INFORMATION SUPPLIED:
·····

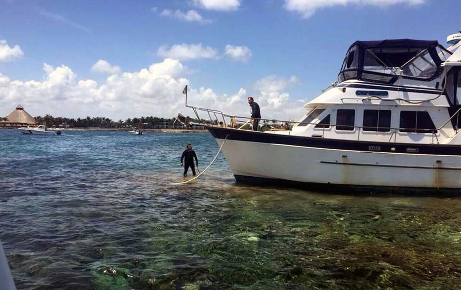 La embarcación Emily Elizabeth, de procedencia estadunidense, encalló sobre un arrecife coralino ubicado en el área de Punta Nizuc, dentro del Parque Nacional Costa Occidental de Isla Mujeres, en Cancún.
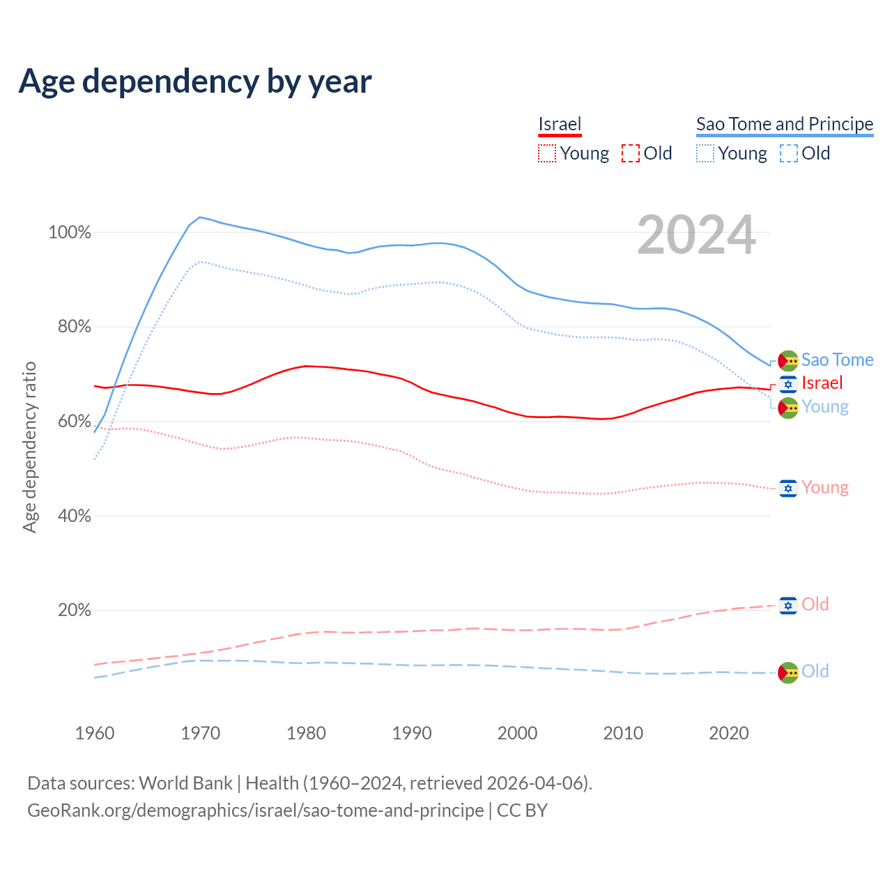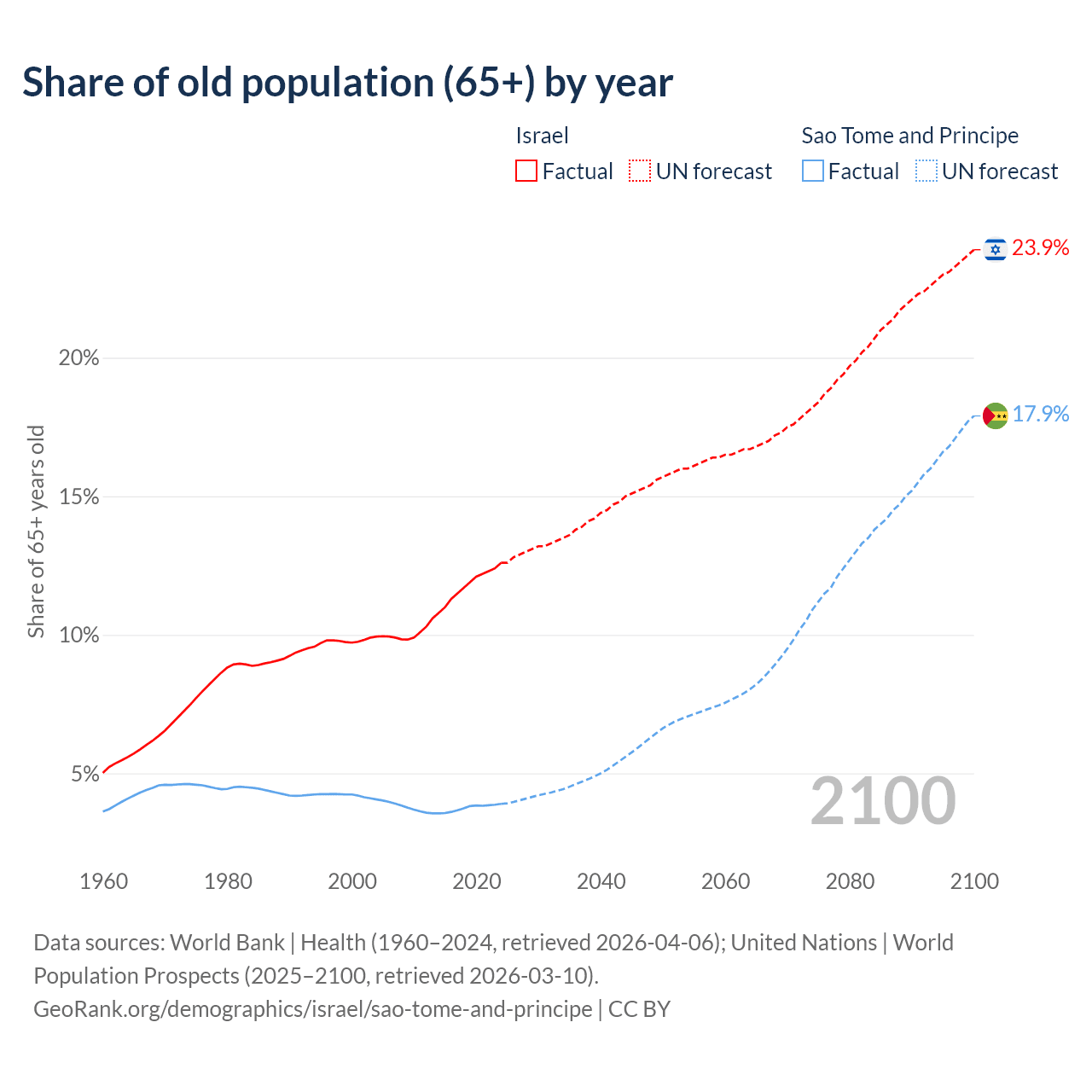 The share of older people aged 65 and over is 12.6% in Israel and 3.9% in Sao Tome and Principe. Life expectancy in Israel compared to Sao Tome and Principe .
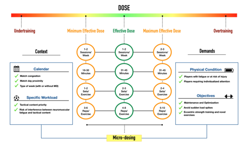 En línea con la distinción entre el periodo preparatorio y el competitivo, la microdosificación permite ajustar la carga a través de diferentes niveles de dosis. Durante fases de mayor disponibilidad, como la pretemporada o bloques de desarrollo físico, puede aplicarse una dosis máxima efectiva, caracterizada por mayores volúmenes e intensidad para favorecer adaptaciones estructurales profundas. En cambio, en semanas estables de entrenamiento la dosis efectiva representa el punto óptimo, ya que maximiza la fuerza y potencia sin superar la capacidad de recuperación. Finalmente, en contextos de alta congestión de partidos, tapering o retorno a la competición, la dosis mínima efectiva se convierte en la mejor estrategia para mantener la función neuromuscular sin comprometer la disponibilidad del jugador, consolidando así la flexibilidad del microdosing como herramienta de planificación.
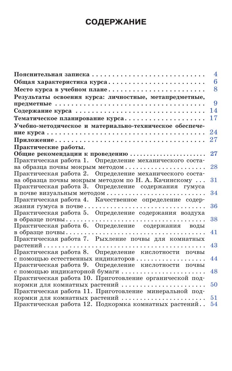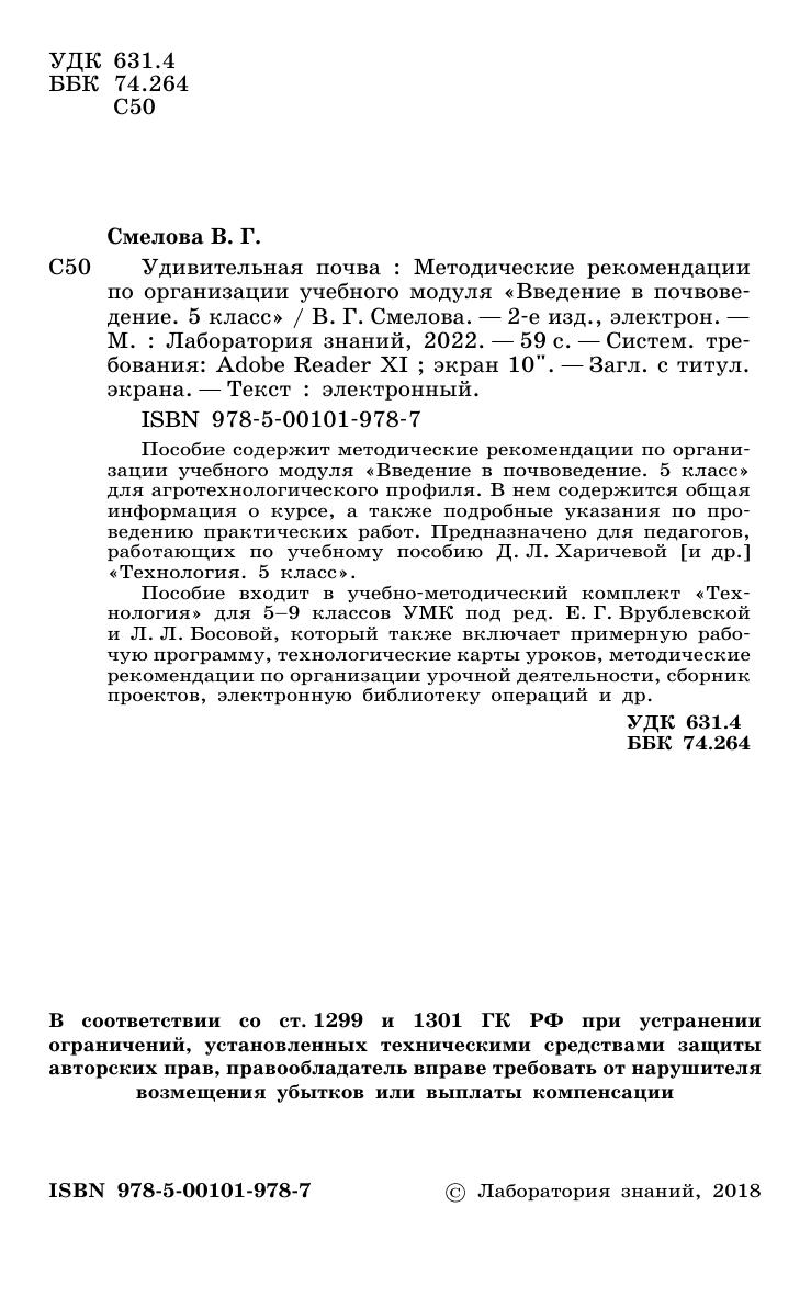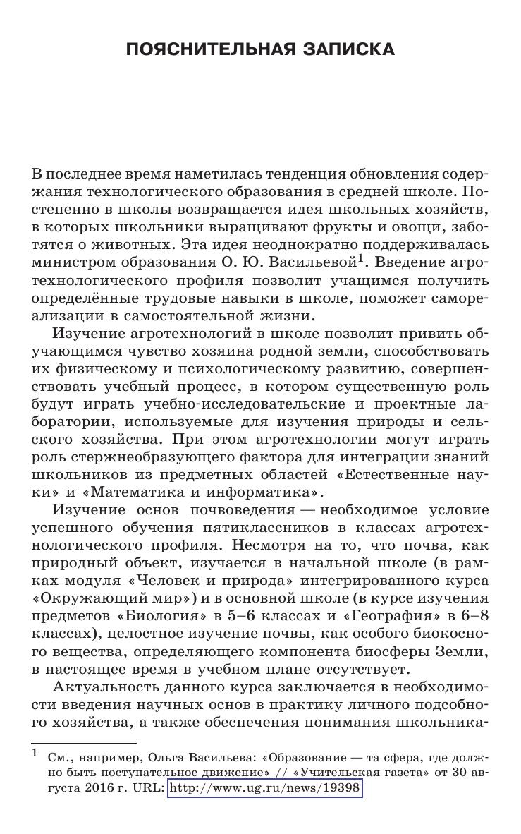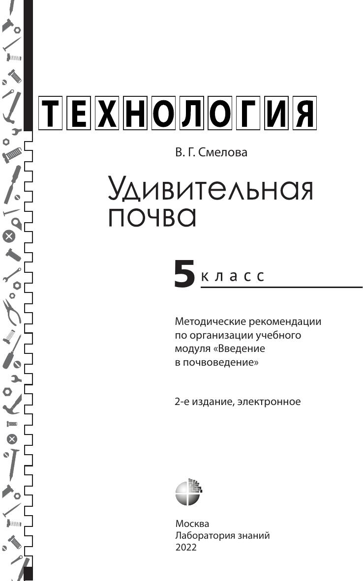 Пособие содержит методические рекомендации по организации учебного модуля «Введение в почвоведение. 5 класс» для агротехнологического профиля. В нем содержится общая информация о курсе, а также подробные указания по проведению практических работ. Предназначено для педагогов, работающих по учебному пособию Д. Л. Харичевой [и др.] «Технология. 5 класс». Пособие входит в учебно-методический комплект «Технология» для 5–9 классов УМК под ред. Е. Г. Врублевской и Л. Л. Босовой, который также включает примерную рабочую программу, технологические карты уроков, методические рекомендации по организации урочной деятельности, сборник проектов, электронную библиотеку операций и др.

·····

WHAT IS REQUIRED:
Print the full listing again exactly, and drop every image from it.

SOLUTION BELOW:
 La embarcación Emily Elizabeth, de procedencia estadunidense, encalló sobre un arrecife coralino ubicado en el área de Punta Nizuc, dentro del Parque Nacional Costa Occidental de Isla Mujeres, en Cancún.
 The share of older people aged 65 and over is 12.6% in Israel and 3.9% in Sao Tome and Principe. Life expectancy in Israel compared to Sao Tome and Principe .
 En línea con la distinción entre el periodo preparatorio y el competitivo, la microdosificación permite ajustar la carga a través de diferentes niveles de dosis. Durante fases de mayor disponibilidad, como la pretemporada o bloques de desarrollo físico, puede aplicarse una dosis máxima efectiva, caracterizada por mayores volúmenes e intensidad para favorecer adaptaciones estructurales profundas. En cambio, en semanas estables de entrenamiento la dosis efectiva representa el punto óptimo, ya que maximiza la fuerza y potencia sin superar la capacidad de recuperación. Finalmente, en contextos de alta congestión de partidos, tapering o retorno a la competición, la dosis mínima efectiva se convierte en la mejor estrategia para mantener la función neuromuscular sin comprometer la disponibilidad del jugador, consolidando así la flexibilidad del microdosing como herramienta de planificación.
 Пособие содержит методические рекомендации по организации учебного модуля «Введение в почвоведение. 5 класс» для агротехнологического профиля. В нем содержится общая информация о курсе, а также подробные указания по проведению практических работ. Предназначено для педагогов, работающих по учебному пособию Д. Л. Харичевой [и др.] «Технология. 5 класс». Пособие входит в учебно-методический комплект «Технология» для 5–9 классов УМК под ред. Е. Г. Врублевской и Л. Л. Босовой, который также включает примерную рабочую программу, технологические карты уроков, методические рекомендации по организации урочной деятельности, сборник проектов, электронную библиотеку операций и др.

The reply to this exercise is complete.